Although seawater reverse osmosis (SWRO) desalination is mainstream worldwide, the performance of SWRO in some arid states faces some challenges. Two SWRO desalination plants (DPs) in Kuwait have reduced their operations and consume additional energy and chemicals compared to the average SWRO DPs. The objective of this study is to evaluate two local SWRO DPs environmentally using life cycle assessments and economically using the levelized cost of water method. In addition, this paper conducts hypothesis tests and regression analyses to investigate the relationships among different seawater parameters, salinity and turbidity, and the environmental and economic impacts of SWRO desalination. The results indicate that the environmental impact for SWRO DPs in Kuwait is approximately 40% higher than that in another international study of comparable parameters. The economic analysis showed that the SWRO desalination unit cost is $1.36/m3 on average, compared to the world average unit cost of $0.5–0.66/m3. Finally, the regression analysis reveals the significant contribution of turbidity to the consumption of ferric chloride and sulfuric acid. However, both turbidity and conductivity had significant effects on anti-scalant consumption.
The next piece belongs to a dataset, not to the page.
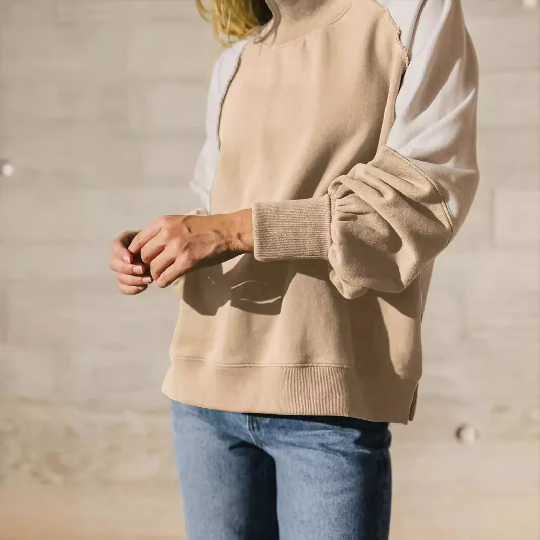 Contrast Color Rib Sleeve Hoodies Stand Neck Women's Hoodies Sweatshirt Loose Casual Pullover Tops
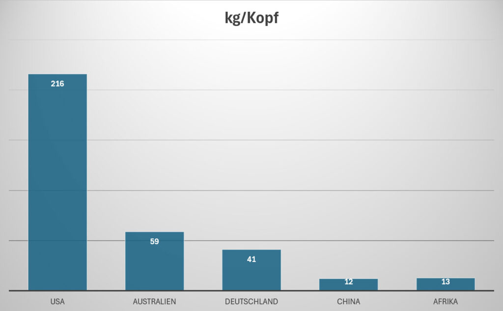 Der Pro-Kopf-Verbrauch variiert stark je nach Region und Wohlstand:

The environmental and economic feasibility of a SWRO DP is highly dependent on the plant’s location.

Suggested Citation

  • Anwar Aljuwaisseri & Esra Aleisa & Khawla Alshayji, 2023. "Environmental and economic analysis for desalinating seawater of high salinity using reverse osmosis: a life cycle assessment approach," Environment, Development and Sustainability: A Multidisciplinary Approach to the Theory and Practice of Sustainable Development, Springer, vol. 25(5), pages 4539-4574, May.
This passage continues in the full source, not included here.